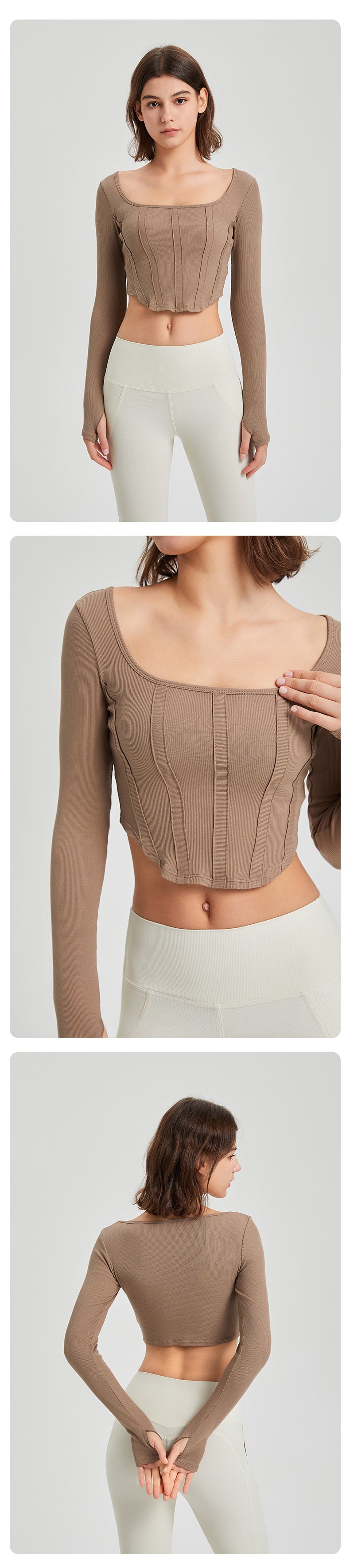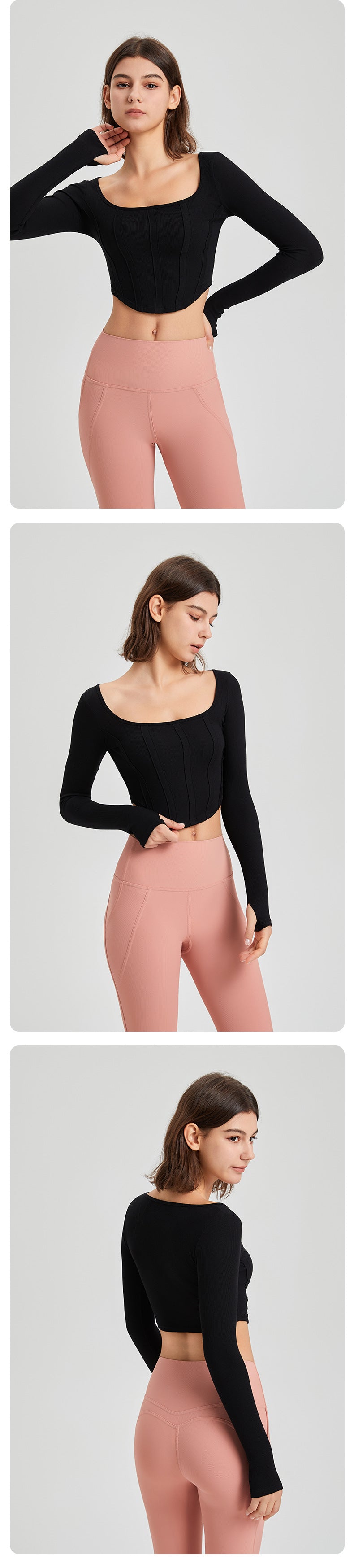 2023.08 Sports top women's tight-fitting sexy Youkesi thin yoga clothing quick-drying T-shirt net red running fitness clothing long-sleeved
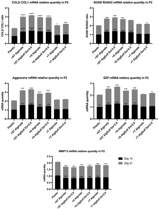 Col2/Col1, SOX9/RUNX2, Aggrecan, SZP, and MMP13 mRNA relative quantity in P2 chondrocytes. Cells were cultured on plastic (negative control), on Pure Alginate in the presence of Salidroside and TGF-β (+ST Pure Alginate), on Alginate Sulfate of DS = 2 in the presence of Salidroside and TGF-β (+ST Alginate Sulfate DS = 2.0), on Pure Alginate in the presence of Salidroside only (+S Pure Alginate), on Alginate Sulfate of DS 2 in the presence of Salidroside only (+S Alginate Sulfate DS = 2.0), on Pure Alginate in the presence of TGF-β only (+T Pure Alginate), and on Alginate Sulfate of DS 2 in the presence of TGF-β only (+T Alginate Sulfate DS = 2.0), on days 14 and 21. (The combination of Salidroside and TGF-β, with Alginate Sulfate of DS = 2.0, led to the highest Col2/Col1 ratio, SOX9/RUNX2 ratio, and SZP and Aggrecan mRNA levels, suggesting the best condition to prevent chondrogenic dedifferentiation. In the presence of Salidroside alone, or combined with TGF-β, MMP13 mRNA levels were significantly reduced, especially on alginate sulfate.) Results are shown as a ratio to negative control. Data are presented as mean ± SD. Statistical analysis was performed using two-way ANOVA and post hoc Tukey’s tests. Statistical significances are denoted as * = p < 0.05; *** = p < 0.001; **** = p < 0.0001; n = 3.
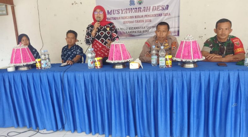 Bone – Kapolsek Salomekko, AKP Darfin Tahrir, S.H., menghadiri kegiatan Musyawarah Desa (Musdes) Penetapan Rencana Kerja Pemerintah Desa (RKPDes) Tahun Anggaran 2026 yang diselenggarakan di Desa Bellu, Kecamatan Salomekko, Kabupaten Bone.
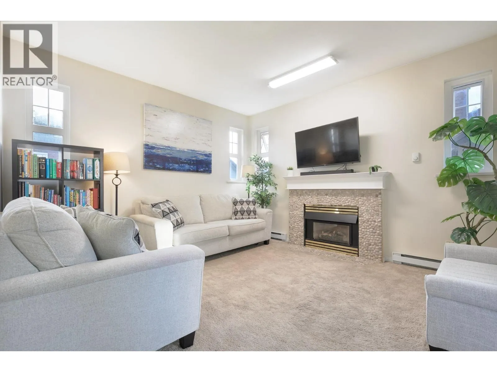2-BDR Corner Unit at Residences by the River! This spacious street-level home features an open kitchen concept, lots of natural light & large windows, a cozy gas fireplace, and a private covered patio. Enjoy peaceful river views to the north, the building's landscaped garden, and a vibrant community garden just across the street. Great distribution and floorplan, with 9 ft tall ceilings and bedrooms on opposite sides for added privacy. Secure u/g parking with shared Car Wash station for residents. Located steps from scenic trails, Port Royal Park, the Q2Q ferry, & charming local shops. Only one block from transit - close enough for convenience, yet tucked into a quiet, low-traffic residential pocket. Includes 1 parking and storage. (id:27476)

# [YOUR OBJECTIVE]
Omit any images, then output the listing exactly.

# [ANSWER BOX]
 2023.08 Sports top women's tight-fitting sexy Youkesi thin yoga clothing quick-drying T-shirt net red running fitness clothing long-sleeved
 Col2/Col1, SOX9/RUNX2, Aggrecan, SZP, and MMP13 mRNA relative quantity in P2 chondrocytes. Cells were cultured on plastic (negative control), on Pure Alginate in the presence of Salidroside and TGF-β (+ST Pure Alginate), on Alginate Sulfate of DS = 2 in the presence of Salidroside and TGF-β (+ST Alginate Sulfate DS = 2.0), on Pure Alginate in the presence of Salidroside only (+S Pure Alginate), on Alginate Sulfate of DS 2 in the presence of Salidroside only (+S Alginate Sulfate DS = 2.0), on Pure Alginate in the presence of TGF-β only (+T Pure Alginate), and on Alginate Sulfate of DS 2 in the presence of TGF-β only (+T Alginate Sulfate DS = 2.0), on days 14 and 21. (The combination of Salidroside and TGF-β, with Alginate Sulfate of DS = 2.0, led to the highest Col2/Col1 ratio, SOX9/RUNX2 ratio, and SZP and Aggrecan mRNA levels, suggesting the best condition to prevent chondrogenic dedifferentiation. In the presence of Salidroside alone, or combined with TGF-β, MMP13 mRNA levels were significantly reduced, especially on alginate sulfate.) Results are shown as a ratio to negative control. Data are presented as mean ± SD. Statistical analysis was performed using two-way ANOVA and post hoc Tukey’s tests. Statistical significances are denoted as * = p < 0.05; *** = p < 0.001; **** = p < 0.0001; n = 3.
 Bone – Kapolsek Salomekko, AKP Darfin Tahrir, S.H., menghadiri kegiatan Musyawarah Desa (Musdes) Penetapan Rencana Kerja Pemerintah Desa (RKPDes) Tahun Anggaran 2026 yang diselenggarakan di Desa Bellu, Kecamatan Salomekko, Kabupaten Bone.
2-BDR Corner Unit at Residences by the River! This spacious street-level home features an open kitchen concept, lots of natural light & large windows, a cozy gas fireplace, and a private covered patio. Enjoy peaceful river views to the north, the building's landscaped garden, and a vibrant community garden just across the street. Great distribution and floorplan, with 9 ft tall ceilings and bedrooms on opposite sides for added privacy. Secure u/g parking with shared Car Wash station for residents. Located steps from scenic trails, Port Royal Park, the Q2Q ferry, & charming local shops. Only one block from transit - close enough for convenience, yet tucked into a quiet, low-traffic residential pocket. Includes 1 parking and storage. (id:27476)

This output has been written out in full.